Tengo cuarenta y seis años de edad. Me levanto de mi mesa de trabajo.


Estoy cansado y desgarrado por dentro. Cada vez que escribo vuelvo a
sentir lo vivido como una navaja rasgándome las carnes. Muestro mis
recuerdos hasta quedar sangrando por dentro. Cada vez vengo de más
lejos, del tiempo vivido y de la distancia recorrida. Voy dejando miasmas,
lágrimas y sangre. Es la huella ya surcada que ahora vuelvo a recorrer.

Fumaré un cigarrillo… (pág. 308)

Es un libro impresionante por su contenido, por su crudeza, por sus visos de


verdad, o de una cierta forma de verdad, tanto como lo pueden ser la
experiencia personal y las opiniones que de esta nacen. Es la vida del
hampa desde dentro del hampa, pero no la de un hombre arrepentido,
sino de alguien quien aún añora y respeta aquella forma de vida de la que
formó parte, a pesar de todo el dolor que siempre le causó. Esa añoranza
puede verse claramente en sus líneas, en su forma de relatar los hechos y
de recordar a ciertas personas, muchachos, hombres: delincuentes todos,
asesinos muchos de ellos, y sin embargo, personas rechazadas por La
Ciudad, víctimas a su manera, que viven una vida tratando de cobrar
venganza por hechos que ni siquiera son capaces de relatar.

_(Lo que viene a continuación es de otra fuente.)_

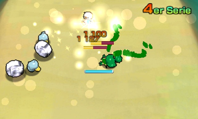 Wer die Preise für Attacken in den Städten als zu hoch empfindet, der sollte Super Pokémon Rumble unbedingt für StreetPass aktivieren. Jeder andere Super-Pokémon-Rumble-Spieler, den wir unterwegs treffen, verirrt sich auch in unseren Spielzeugladen und hinterlässt dort ein paar Münzen. Keine Sorge – der eigentliche Kontostand des jeweiligen Besuchers wird nicht dezimiert. Es ist nur ein feiner Nebeneffekt! Gut gerüstet geht es dann nicht nur in die Areale, sondern auch in die unterschiedlichen Turnierformen. Haben wir genügend starke Pokémon gesammelt, können wir uns etwa im Battle Royale versuchen. In diesen Kämpfen starten wir mit einem Pokémon und dürfen es nicht wie im sonstigen Spiel durch ein anderes jederzeit ersetzen, sondern müssen mit diesem gegen die feindliche Überzahl im Kampf antreten, bis es besiegt wurde. Dann haben wir insgesamt zweimal die Möglichkeit es auszutauschen. Diese Option bleibt uns in den Team-Kämpfen versperrt, denn hier treten wir gleich mit drei Monstern gleichzeitig an und kämpfen genau so lange um den Sieg, bis wir diesen errungen oder schlussendlich verloren haben. Die eingangs erwähnten Frontalkämpfe kommen erst im letzten Drittel zum Einsatz. Hier müssen wir im Vorfeld eine große Anzahl an starken Pokémon um uns scharen, bevor wir zum Angriff blasen. Auf dem Schlachtfeld ist dann aber kaum ein spielerischer Anspruch vorhanden.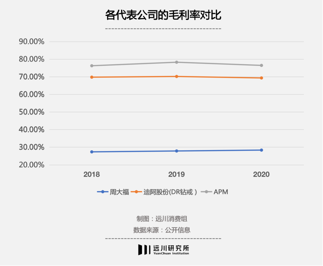 因而,低溢價(jià)、低毛利成了黃金珠寶品牌的共同特征,上游金礦開采行業(yè)平均有50%毛利率,而下游品牌商只有20%左右。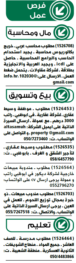 وظائف شاغرة جريدة الوسيط ابوظبي لجميع الجنسيات برواتب مميزة تصل إلى 8000 درهم تصفح الان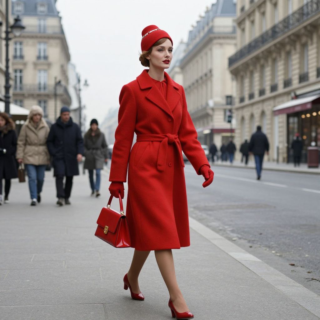 Photograph of a stylish woman in a vibrant red coat, matching hat, gloves, and shoes, walking confidently on a Parisian street.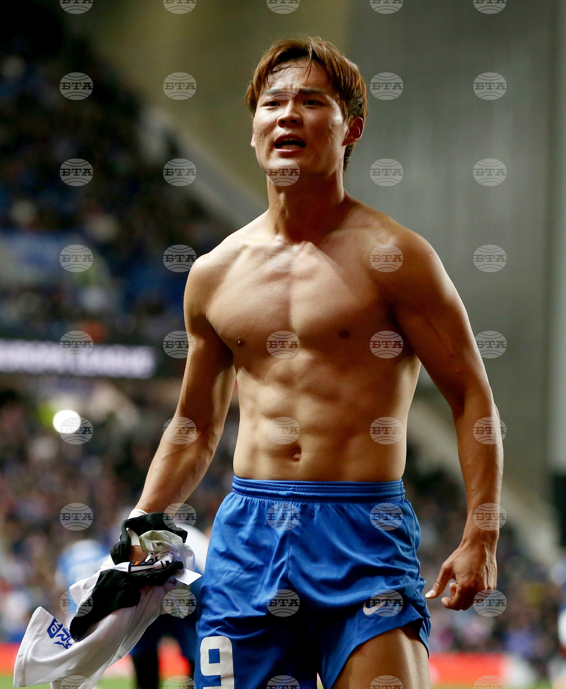 Genk's Oh Hyeon-Gyu, rear, scores his sides first goal against Rangers during a Europa League soccer match at Ibrox Stadium in Glasgow, Scotland, Thursday, Sept. 25, 2025. (Ewan Bootman/PA via AP)

La suerte de Alfredo Gómez Morel fue dispar. En vida sabemos que al


menos escribió tres libros, la trilogía compuesta por: El Río, La Ciudad, El
Mundo (este último también editado por Tajamar Editores, en un bello
trabajo de rescate de esa obra hasta entonces inédita) donde cuenta su
vida en estos tres espacios cada vez más amplios, desde ser un simple
ladrón del río, un pelusa, hasta convertirse en un choro, un líder, salir del
país y hacerse un nombre como delincuente internacional. Lo cierto es que
entre tantas estadías que tuvo en las cárceles, no solo chilenas, terminó
forjando una carrera literaria, y esta carrera, exitosa hasta cierto punto
entre otras cosas por lo particular de sus orígenes, lo llevaron a superar su
condición. Sin embargo, el infeliz destino hizo que terminara sus días
pidiendo públicamente ayuda económica para poder subsistir y seguir
escribiendo.

Pero necesito que alguien me ayude proporcionándome pan y techo por


espacio de seis meses, tiempo que ocuparía en podar, corregir y pasar en
limpio mi próxima entrega. (…) Tengo fe en mi libro. Sin embargo,
necesito esta ayuda que pido porque la enfermedad que tengo, la
cardiopatía, es irreversible y antes de morir quiero cumplir con el
compromiso que me hice a mí mismo. Este compromiso consiste en
señalar, en forma novelada, el único camino que la comunidad social
tiene para lograr que disminuya al máximo la delincuencia.(pág. 370)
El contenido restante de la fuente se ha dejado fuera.